Expansion of Business-Associate Obligations

The Final Rule implements the HITECH Act’s expansion of business associates’ HIPAA obligations by applying the Privacy and Security Rules directly to business associates and by imposing civil and criminal penalties on business associates for HIPAA violations. It also extends obligations and potential penalties to subcontractors of business associates if a business associate delegates a function, activity, or service to the subcontractor, and the subcontractor creates, receives, maintains, or transmits PHI on behalf of the business associate. Any business associate that delegates a function involving the use or disclosure of PHI to a subcontractor will be required to enter into a business-associate agreement with the subcontractor.

Additional Provisions

The Final Rule addresses the following additional issues by:

  • Requiring covered entities to modify their Notices of Privacy Practices;
  • Allowing individuals to obtain a copy of PHI in an electronic format if the covered entity uses an electronic health record;
  • Restricting marketing activities;
  • Allowing covered entities to disclose relevant PHI of a deceased person to a family member, close friend, or other person designated by the deceased, unless the disclosure is inconsistent with the deceased person’s known prior expressed preference;
  • Requiring covered entities to agree to an individual’s request to restrict disclosure of PHI to a health plan when the individual (or someone other than the health plan) pays for the healthcare item or service in full;
  • Revising the definition of PHI to exclude information about a person who has been deceased for more than 50 years;
  • Prohibiting the sale of PHI without authorization from the individual, and adding a requirement of authorization in order for a covered entity to receive remuneration for disclosing PHI;
  • Clarifying OCR’s view that covered entities are allowed to send electronic PHI to individuals in unencrypted e-mails only after notifying the individual of the risk;
  • Prohibiting health plans from using or disclosing genetic information for underwriting, as required by the Genetic Information Nondiscrimination Act of 2008 (GINA);
  • Allowing disclosure of proof of immunization to schools if agreed by the parent, guardian, or individual;
  • Permitting compound authorizations for clinical-research studies; and
  • Revising the Enforcement Rule (which was previously revised in 2009 as an interim Final Rule), which:

    • Requires the secretary of HHS to investigate a HIPAA complaint if a preliminary investigation indicates a possible violation due to willful neglect;
    • Permits HHS to disclose PHI to other government agencies (including state attorneys general) for civil or criminal law-enforcement purposes; and
    • Revises standards for determining the levels of civil money penalties.

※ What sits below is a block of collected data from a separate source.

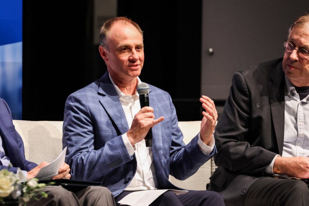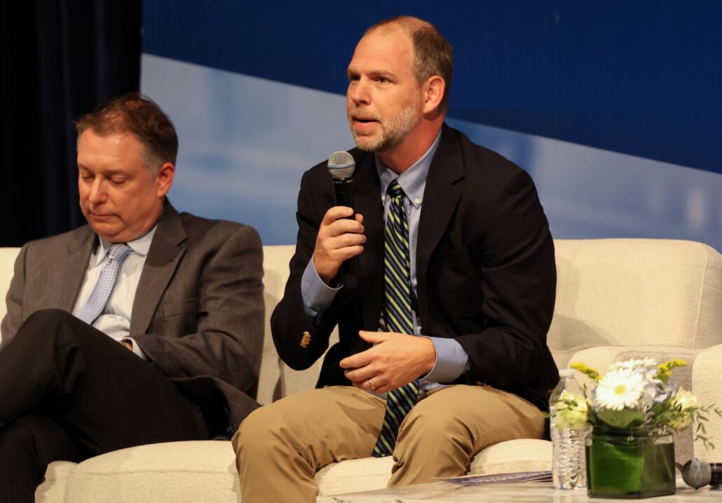 Senior Vice President of Global Manufacturing at First Solar Mike Koralewski speaks during The Blade’s Perspectives series: “Tariffs and Trade in the Modern Age” at the University of Toledo’s Doermann Theatre in downtown Toledo on Wednesday, June 11, 2025.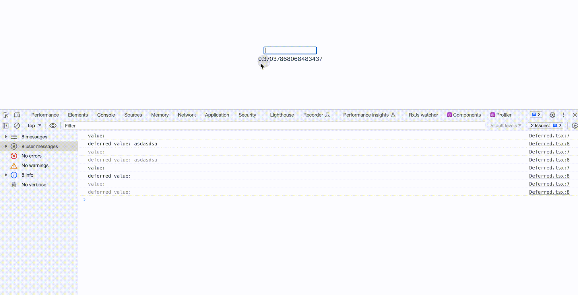 可以看到随着用户输入不再会渲染Suspense的fallback了。可以理解为用户的输入的优先级较高,因此input中的onChange会高优先级执行,导致了函数组件的重新执行,但是deferred由于被useDeferredValue包裹,因此会延迟更新,通过下面的动图可以看到每次输入都会引起组件的更新,但是并不会引起deferred的值的更新。当我们停止输入后最终deferred和value的值同步了。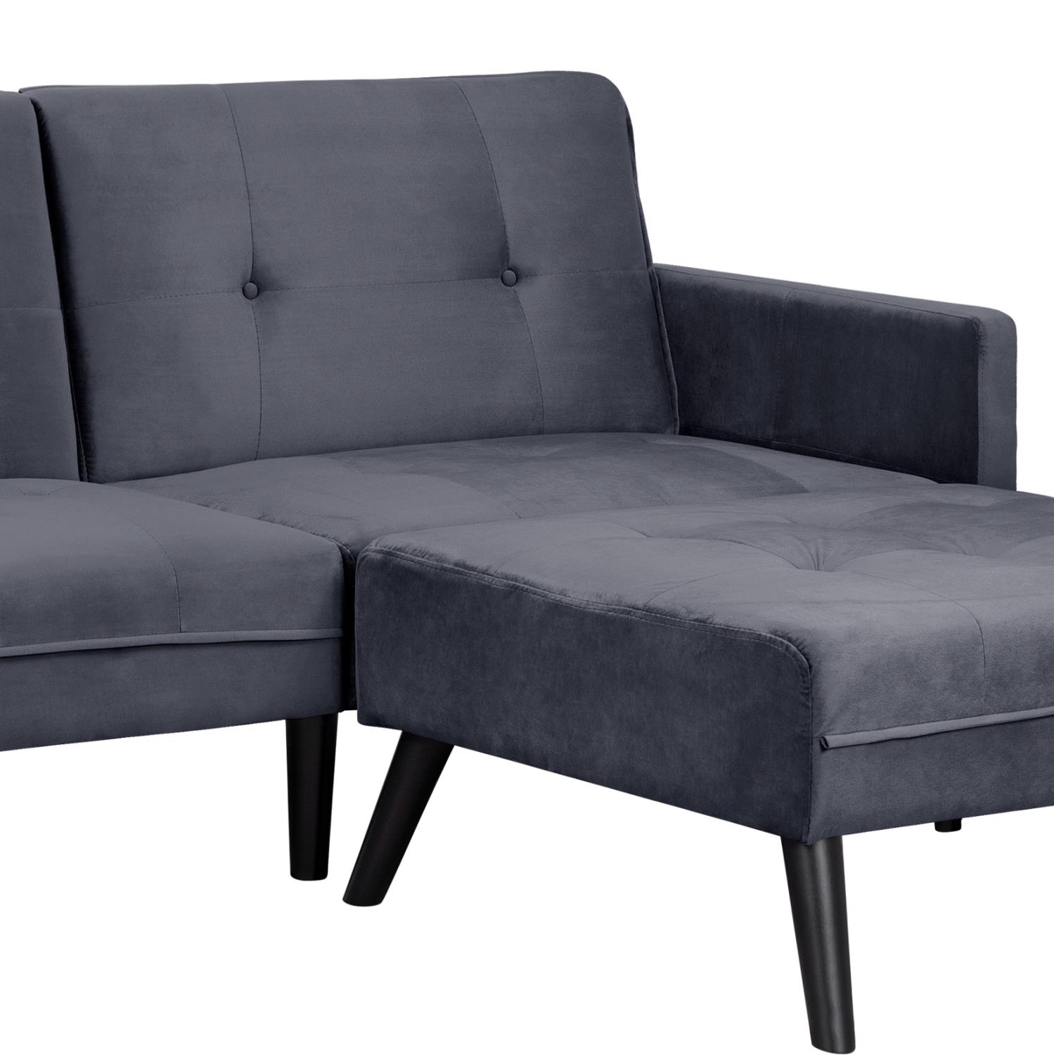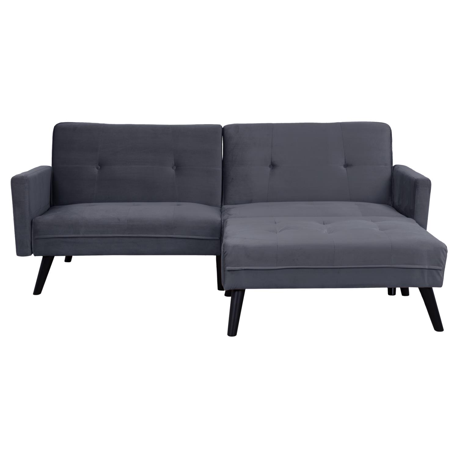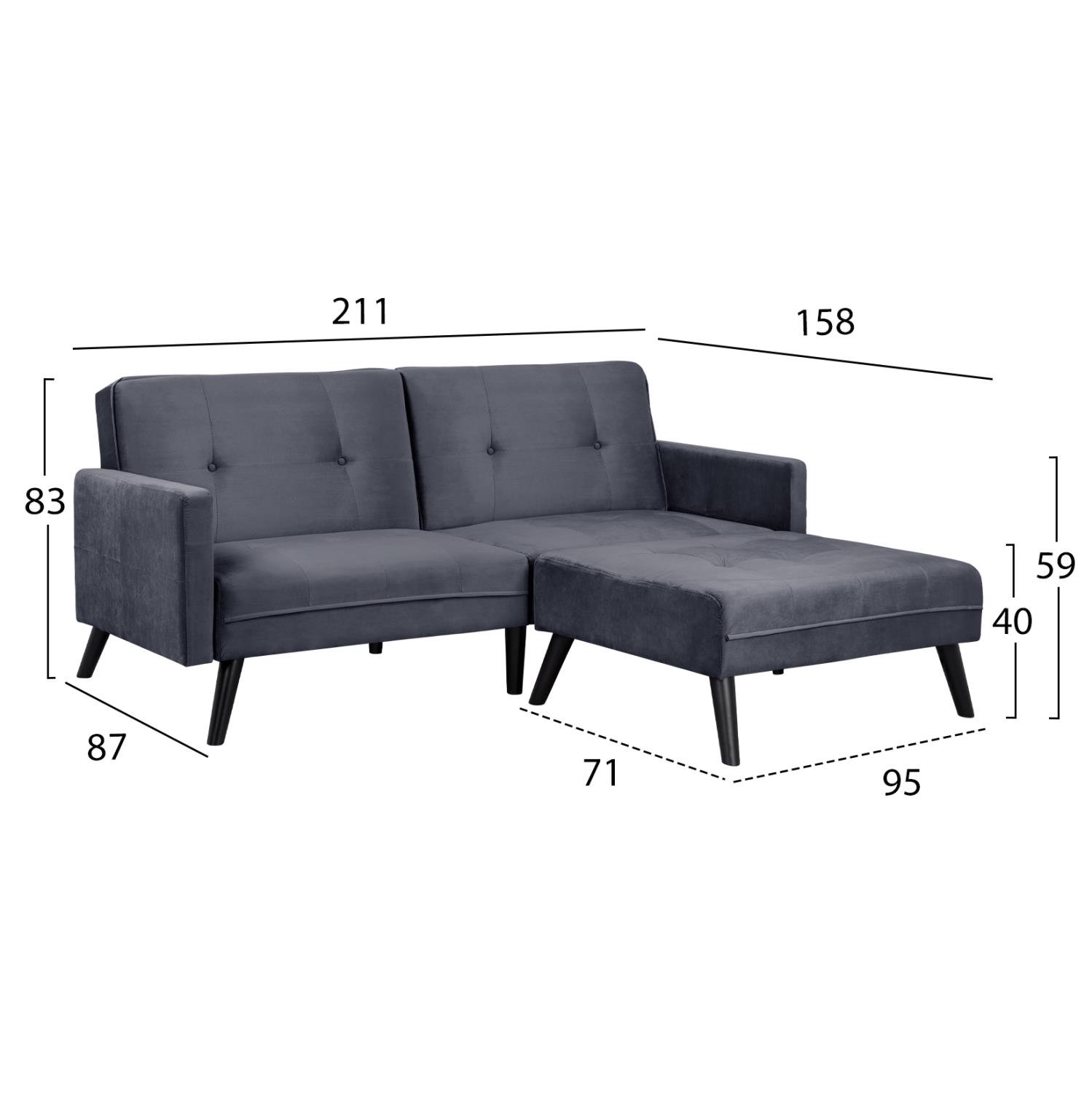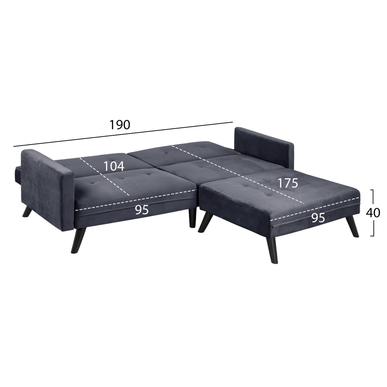 Corner Sofa with velvet footrest in grey color, which turns into a bed and therefore in addition to the quality and aesthetics, offers the functionality necessary in any home.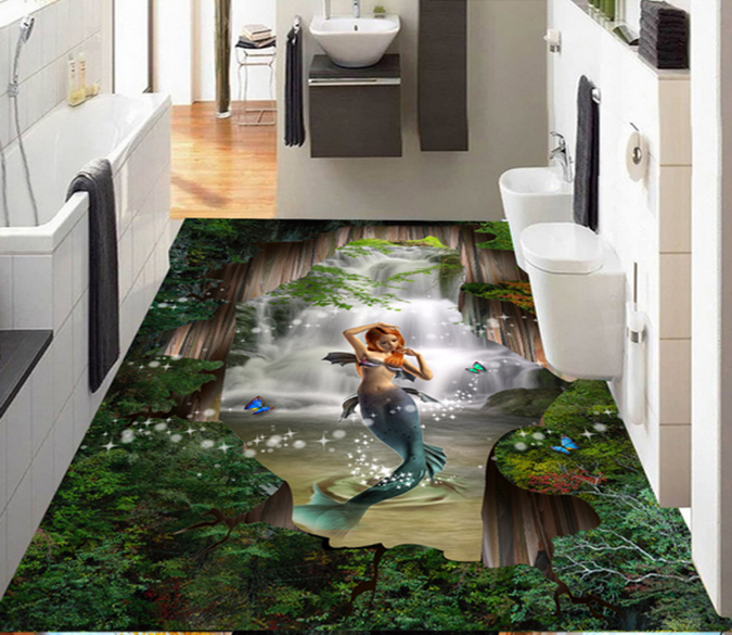 3D Mermaid 105 Floor Mural Self-Adhesive Sticker Bathroom Non-slip Waterproof Flooring Murals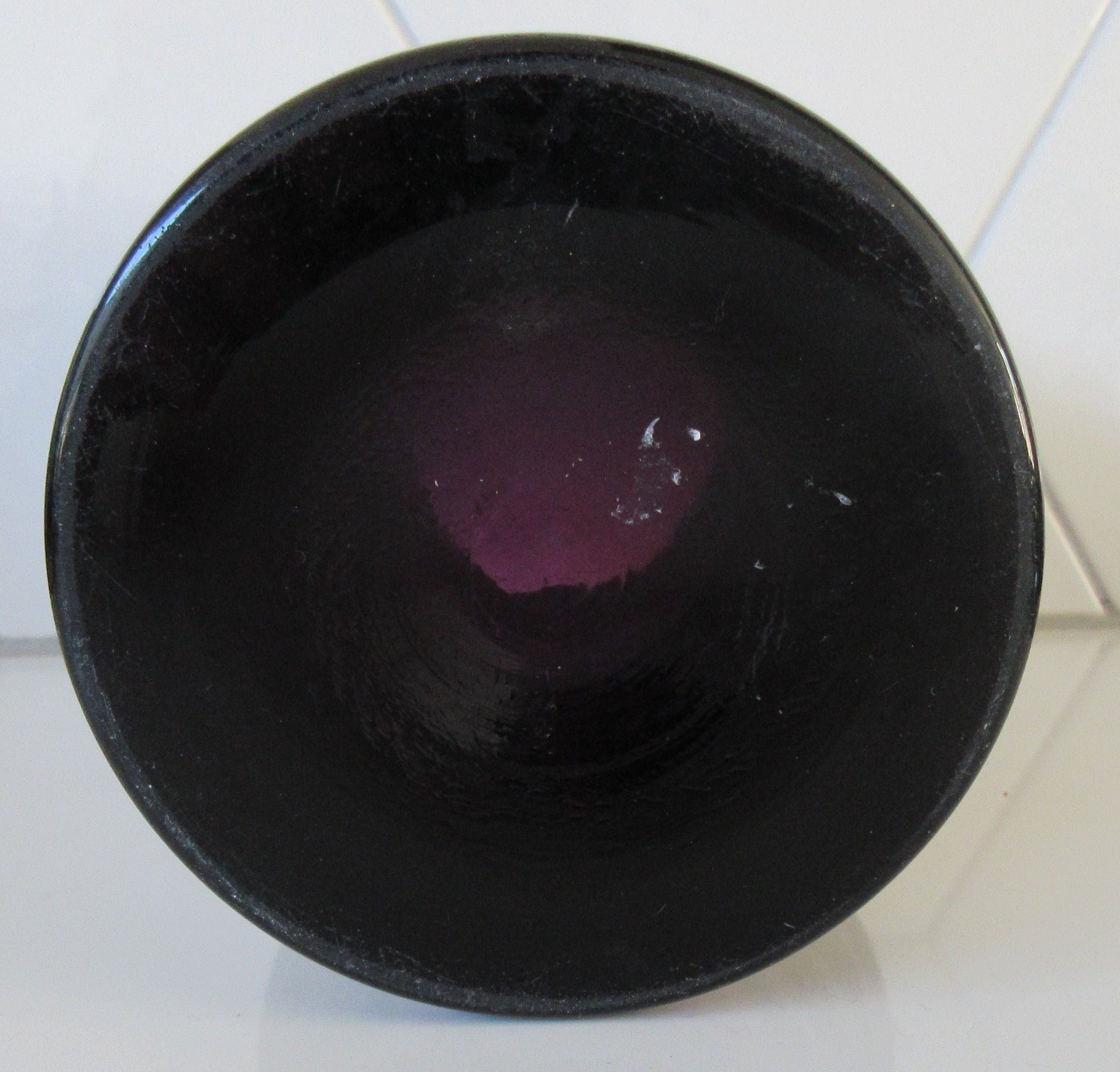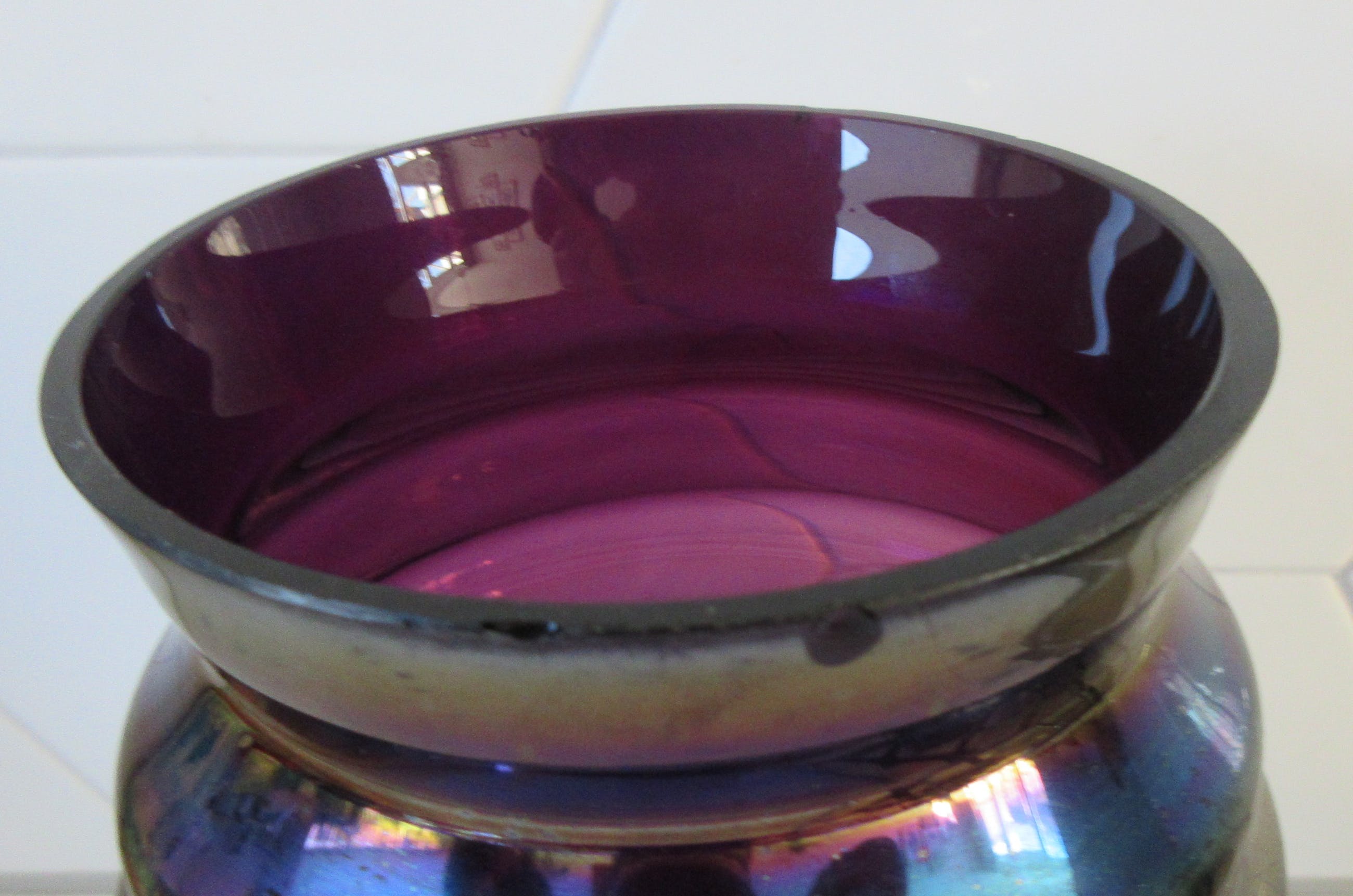 Art Nouveau Irise paars glazen ribbelvaas. Niet gemerkt, waarschijnlijk in Bohemen gemaakt bij Kralik, Moser of Loetz. Heeft drie chipjes op de bovenrand verder prima vaas.

Effective Date, Compliance Date

Although most provisions of the Final Rule became effective on March 26, many provisions impacting covered entities and business associates (including subcontractors) required compliance by Sept. 23. However, if certain conditions are met, the Final Rule allows additional time to revise business associate agreements to make them compliant. In particular, transition provisions will allow covered entities and business associates to continue to operate under existing business-associate agreements for up to one year beyond the compliance date (until Sept. 22, 2014) if the business-associate agreement:

  1. Is in writing;
  2. Is in place prior to Jan. 25, 2013 (the publication date of the Final Rule);
  3. Is compliant with the Privacy and Security Rules, in effect immediately prior to Jan. 25, 2013; and
  4. Is not modified or renewed.

This additional time for grandfathered business-associate agreements applies only to the written-documentation requirement. Covered entities, business associates and subcontractors will be required to comply with all other HIPAA requirements beginning on the compliance date, even if the business-associate agreement qualifies for grandfathered status


Steven M. Harris, Esq., is a nationally recognized healthcare attorney and a member of the law firm McDonald Hopkins LLC in Chicago. Write to him at [email protected].

 

 

Footnote

The exceptions relate to (i) unintentional, good-faith access, acquisition or use by members of the covered entity’s or business associate’s workforce, (ii) inadvertent disclosure limited to persons with authorized access and not resulting in further unpermitted use or disclosure, and (iii) good-faith belief that the unauthorized recipient would be unable to retain the PHI.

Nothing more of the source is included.